**About this exercise:** Write out only the lines from the top of the listing below through the one with "Application- Disruption of", exactly as they stand, while keeping pictures out of the copy.

**Source material:**
※ ※ ※
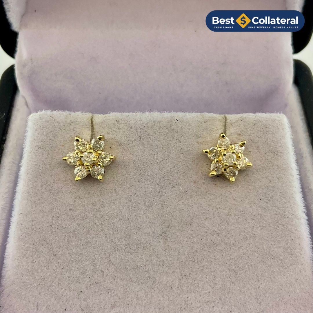 Available now! Diamond earrings in 14k gold! Weighs 1.1 grams and features .50 carats of diamonds! Only $429.99
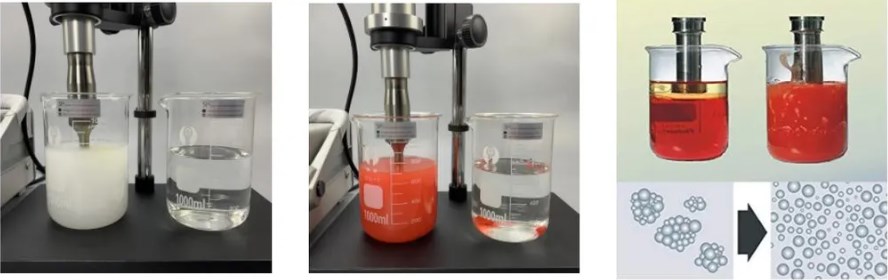 Application- Disruption of cells, bacteria, viruses, spores, fungi or tissues (cell disruption) - Extraction of ingredients (lysis) - Homogenization of different substances - Production of finest emulsions with minimum droplet size - Dissolution of poorly and poorly soluble substances in liquids - Production of dispersions (emulsions and suspensions) - Catalysis and acceleration of chemical reactions
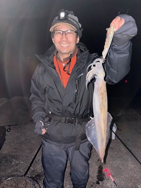 今年は数年ぶりに好調で、朝4時に着いたらすでに4隻が一級ポイントに・・・。シーバスポイントでスタートしますがお留守。戻って沖側からやってみると、UMさんが2ヒット1キャッチ、自分もそこにキャストして1キャッチ!その後アタリなく終了で6時前に帰港。
※ ※ ※
**Result for this exercise:**
 Available now! Diamond earrings in 14k gold! Weighs 1.1 grams and features .50 carats of diamonds! Only $429.99
 Application- Disruption of cells, bacteria, viruses, spores, fungi or tissues (cell disruption) - Extraction of ingredients (lysis) - Homogenization of different substances - Production of finest emulsions with minimum droplet size - Dissolution of poorly and poorly soluble substances in liquids - Production of dispersions (emulsions and suspensions) - Catalysis and acceleration of chemical reactions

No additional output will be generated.